## AIM OF THE TASK
Return only the lines from the one that contains "金秋十月,碧空如洗。在崭新的" through the last line of the records below, exactly as they stand. Pictures are not part of the copy.

## Records from a data source

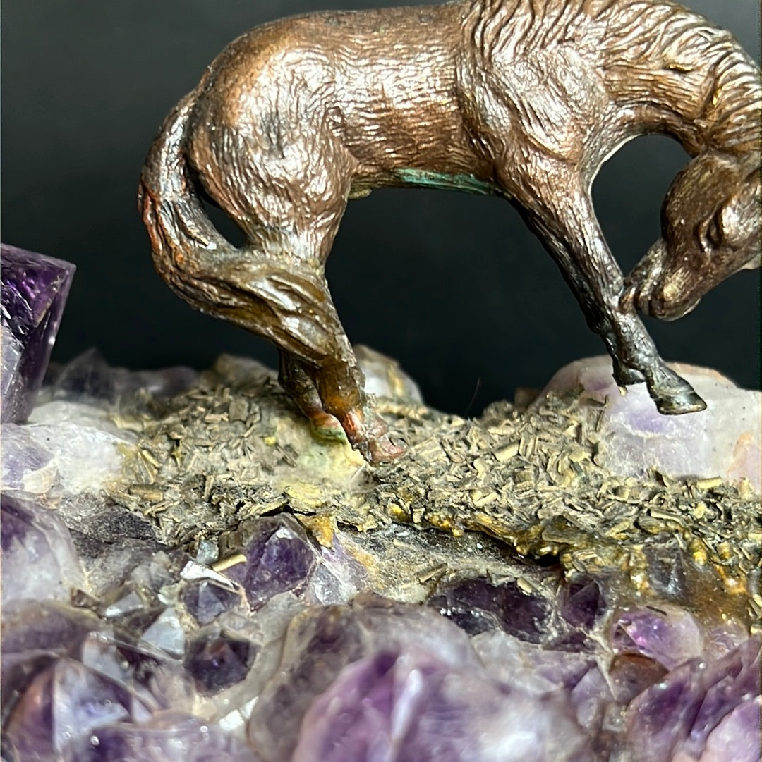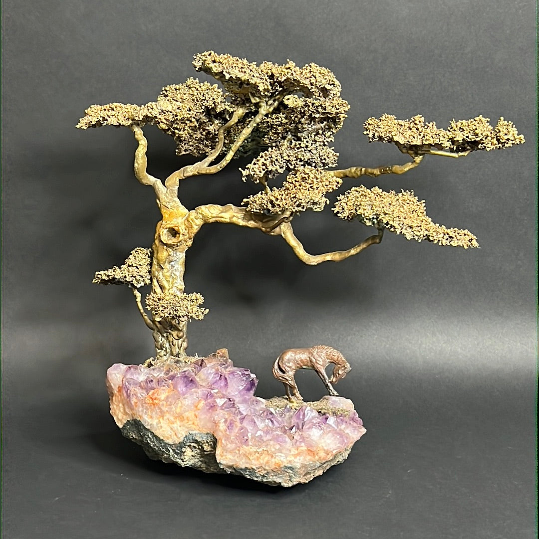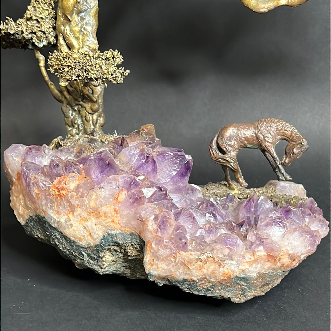 Bonsai Tree Mounted on top of Raw Amethyst Stone with Resting Bronze Horse. Trees looks like clusters of gold.
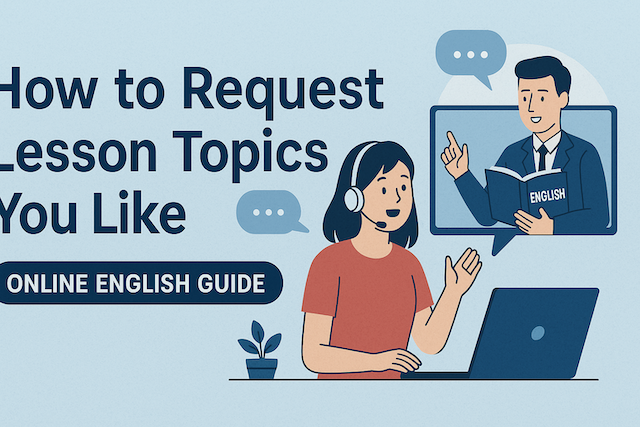 Requesting lesson topics means telling your tutor exactly what you want to learn or talk about in class. Instead of following only a fixed syllabus, you propose subjects that match your goals, interests, job, or daily life. Examples include “email writing for customer support,” “small talk for business,” or “travel English for Japan.” Clear requests help your tutor design focused activities and choose the right vocabulary, situations, and practice tasks.
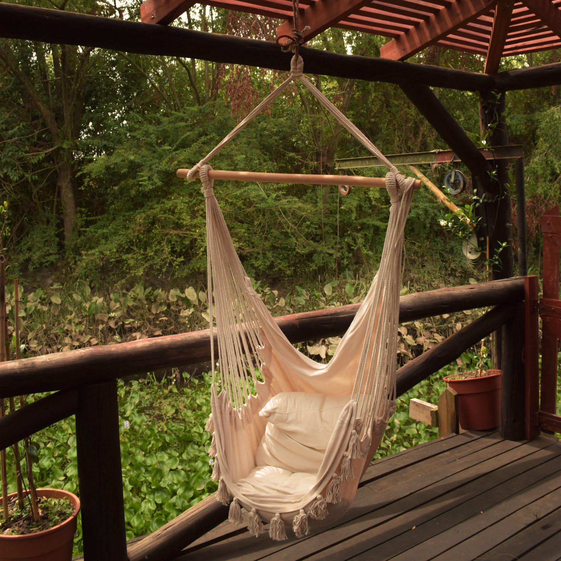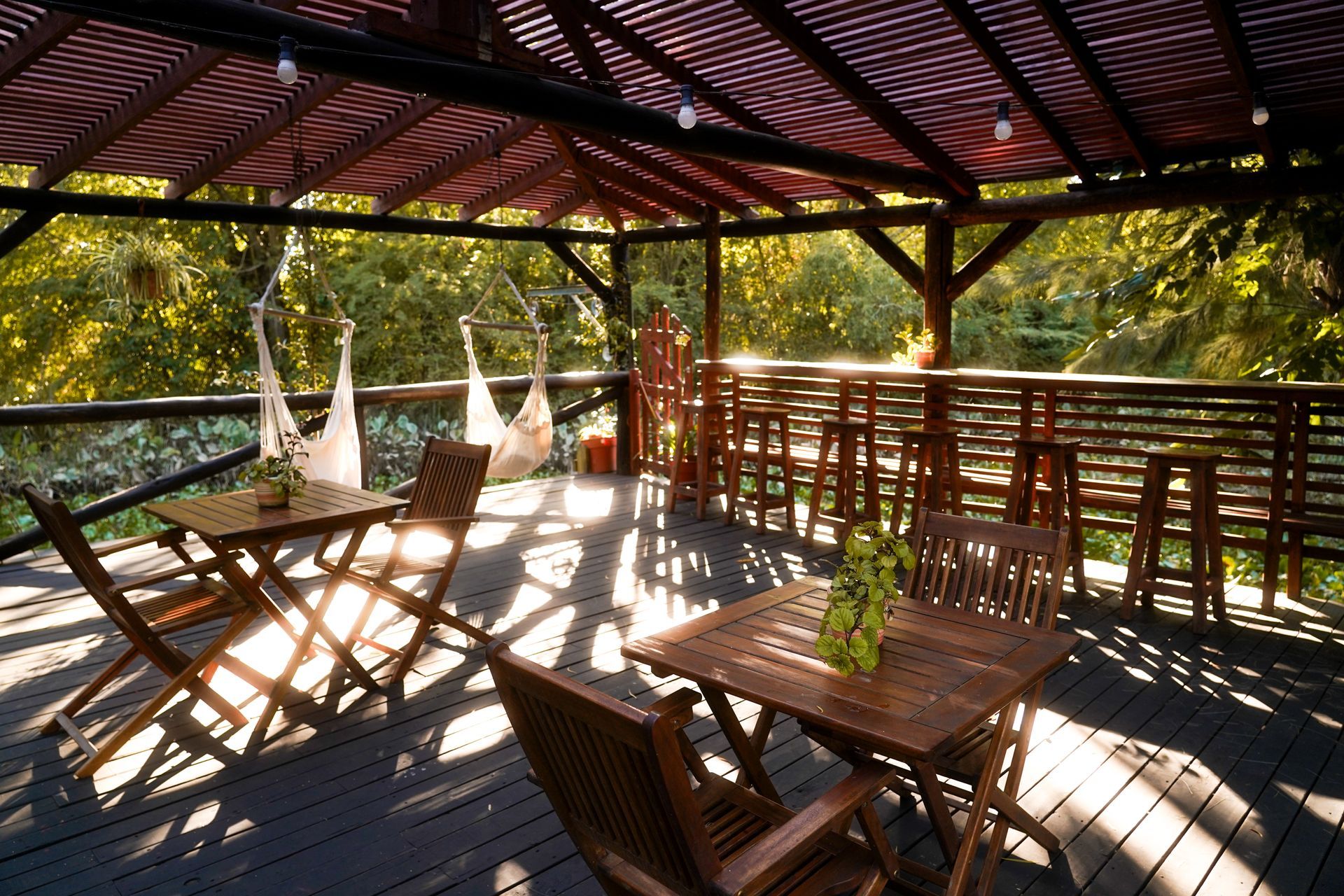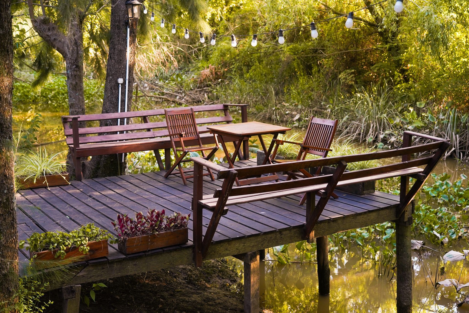 Despertar en la tranquilidad de la isla y desayunar en el deck privado de tu cabaña, con vista al cuidado jardín o al arroyo. Caminar por las pasarelas elevadas hasta el quincho, disfrutar de la naturaleza, refrescarte en la pileta y ver el atardecer en el muelle sobre el Río Sarmiento.
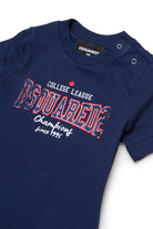 Camiseta de cuello redondo de manga corta confeccionada en jersey. Estampado de estilo universitario con efecto vintage en la parte delantera. Práctico cierre de botón en el hombro. Realizada en 100% algodón.
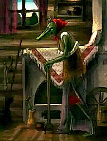 Как-то явилась к ним старая нищая бродяжка и вызвалась избавить их дом от нечистой силы. Сказала им: "В среду запрягите дровни (сани)".
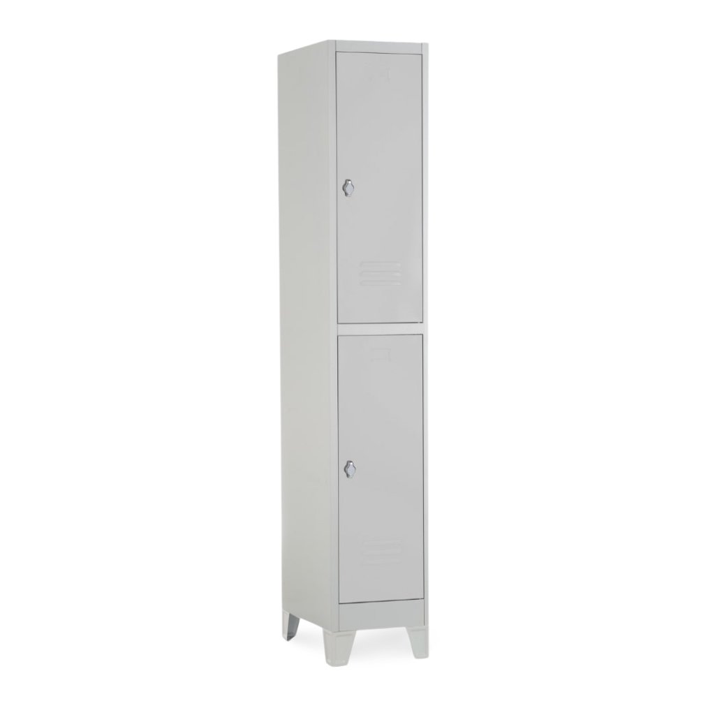 Fém szekrény - 2 doboz, 38 x 45 x 195 cm, fix lábakkal, lakathoz zár, világos szürke - ral 7035
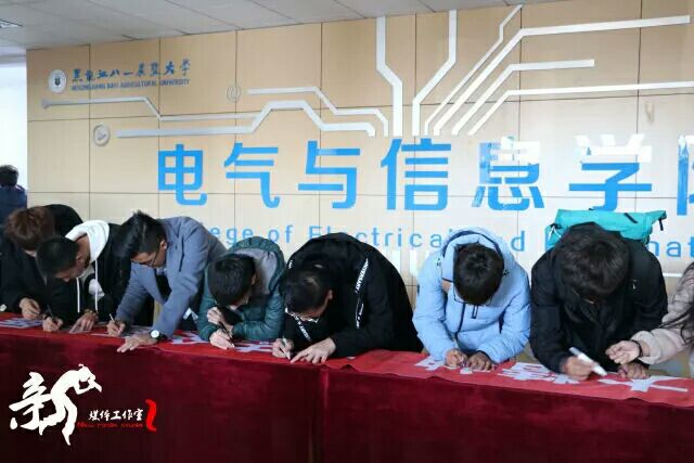 金秋十月,碧空如洗。在崭新的信息楼大厅中,一幅印着“传承农大精神,立志全面发展,共建文明校园,争做迎评先锋”的巨大条幅横放在大厅中央,后面“电气与信息学院”七个湛蓝大字格外引人注目。11:30整,公司员工干部依次进入到大厅中将自己的名字签在条幅上,整个过程持续了20分钟,共有200多名同学签下了自己的名字,表达了他们对学校文明建设的信心。
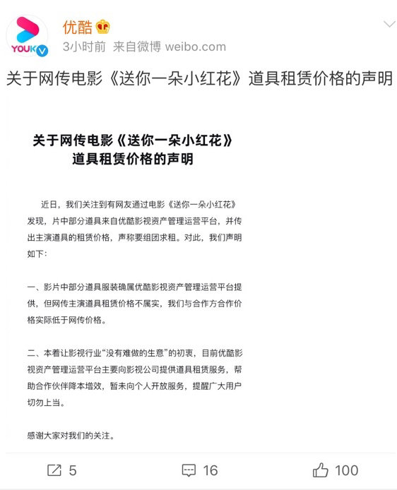 当话题不断发酵时,优酷通过官方微博发声明表示,片中大量道具通过租赁提供剧组使用,属优酷影视资产管理运营平台资产,希望帮助行业合作伙伴降本增效。

## TASK ANSWER
 金秋十月,碧空如洗。在崭新的信息楼大厅中,一幅印着“传承农大精神,立志全面发展,共建文明校园,争做迎评先锋”的巨大条幅横放在大厅中央,后面“电气与信息学院”七个湛蓝大字格外引人注目。11:30整,公司员工干部依次进入到大厅中将自己的名字签在条幅上,整个过程持续了20分钟,共有200多名同学签下了自己的名字,表达了他们对学校文明建设的信心。
 当话题不断发酵时,优酷通过官方微博发声明表示,片中大量道具通过租赁提供剧组使用,属优酷影视资产管理运营平台资产,希望帮助行业合作伙伴降本增效。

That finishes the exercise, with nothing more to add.